A small grin threatened to crack the placid fa?ade of Ridley’s face. “Well, um, I was actually planning to use this opportunity to head to the bathroom myself...if that’s okay?”
She nodded, unable to speak.
“Thataway,” he added, thumbing aft, in the opposite direction of where she was headed.
Lanie bit her lip but continued to nod, face boiling hot. Ridley shook his head. Then, a deep, rumbling chuckle emanated from his chest that made Lanie feel lightheaded yet forgiven for her faux pas. They shared a brief, knowing but nevertheless awkward look before turning away from each other.
A minute later, Lanie pushed the lavatory door closed and then leaned her head against it. She smiled hard, until the apples of her cheeks flamed, her mind swirling with ideas.

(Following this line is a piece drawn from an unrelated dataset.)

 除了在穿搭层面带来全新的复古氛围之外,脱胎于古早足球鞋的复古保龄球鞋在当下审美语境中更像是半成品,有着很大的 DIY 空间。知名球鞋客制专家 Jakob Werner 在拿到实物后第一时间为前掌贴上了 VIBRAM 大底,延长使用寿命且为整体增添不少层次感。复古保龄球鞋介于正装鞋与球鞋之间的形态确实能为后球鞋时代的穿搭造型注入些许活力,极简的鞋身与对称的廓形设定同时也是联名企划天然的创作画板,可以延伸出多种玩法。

She shook off the highly involved love fantasy she’d already begun constructing, letting go of the “how I met your father” story forming in her head to examine her very real face in the large mirror. Her large, thick-lashed, almond-shaped eyes and high cheekbones accentuated the small bags forming underneath them, made worse by harsh mirror-mounted lights. Her usually honeyed and freckle-dotted complexion was a little sallow. The recirculated air had dried her out and red-eye flights were known to be rough on a person’s general constitution. She dragged her fingers over her face then rummaged through her beauty bag for something to do about it. Thank God for Gemma, who had insisted she get a ton of products to deal with it.

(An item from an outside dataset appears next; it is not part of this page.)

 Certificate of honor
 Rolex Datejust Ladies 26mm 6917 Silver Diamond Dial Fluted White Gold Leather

Lanie pulled a moisturizing spritz out of her bag. Then she plucked at her cheeks a little, hoping to get some of her golden-brown color back. She dabbed her full lips lightly with some tinted lip balm and then rebrushed her thick, tightly coiled, hickory-brown hair into something approaching its original do. That was the extent of her makeover abilities when in an airplane lavatory, so she decided it would have to do. She swept a paper towel across her underarms, then reapplied her deodorant and smoothed down her rumpled shirt. Then, taking a last look in the mirror, she stepped out of the bathroom.
Ridley was already standing in the aisle waiting on her. He leaned against his seatback with his eyes closed, his arms crossed over his chest, head resting on the overhead bin.
Good God , she realized again with a quiet groan, glasses or no, he is an inordinately attractive man...
Lanie tried to keep her composure but even looking at him made her heart gallop. It didn’t make sense since they’d only just met. Of course, it didn’t hurt that standing there, tall, dark brown and sharply angled like some preternatural combination of mahogany and statuary marble, he was a sight to behold.
No, no, we are merely plane pals, more ephemeral than pen pals. Which she’d had plenty of hopping back and forth across the Atlantic over the years.
Sensing her approach, Ridley’s eyes opened and he stiffly straightened to his full height as she came down the aisle. Lanie was certain she was grinning like an idiot, but he wasn’t.
Not at all.
He moved out of the way so she could shuffle into the window seat again. Ridley glanced at her briefly before refocusing on the screen that activated the in-flight entertainment system. Neither of them had found use for it before because they’d been having far more entertaining conversations and a lively game of cards with each other. But now he pressed buttons, opening his mouth before hesitating. He eyed her again, almost guiltily, yet still without comment. Then he gave up, searching around himself for something Lanie couldn’t identify.
Why did it feel like they were back where they’d started six hours ago? She looked him over, feeling like she’d missed something. But she hadn’t been in the bathroom that long.
“I’m sorry,” he said at long last.
For what, she wasn’t sure.
He reached over her for the book he’d abandoned hours ago, tucked in the seatback pocket in front of her.
She leaned back reflexively so that he wouldn’t be close as he did it, since even his smell enthralled her.
But then Lanie noticed a new thing on his hand as he stretched an arm across for his book.
“No, I’m sorry,” she muttered, taking in the wedding ring that had materialized on his left hand.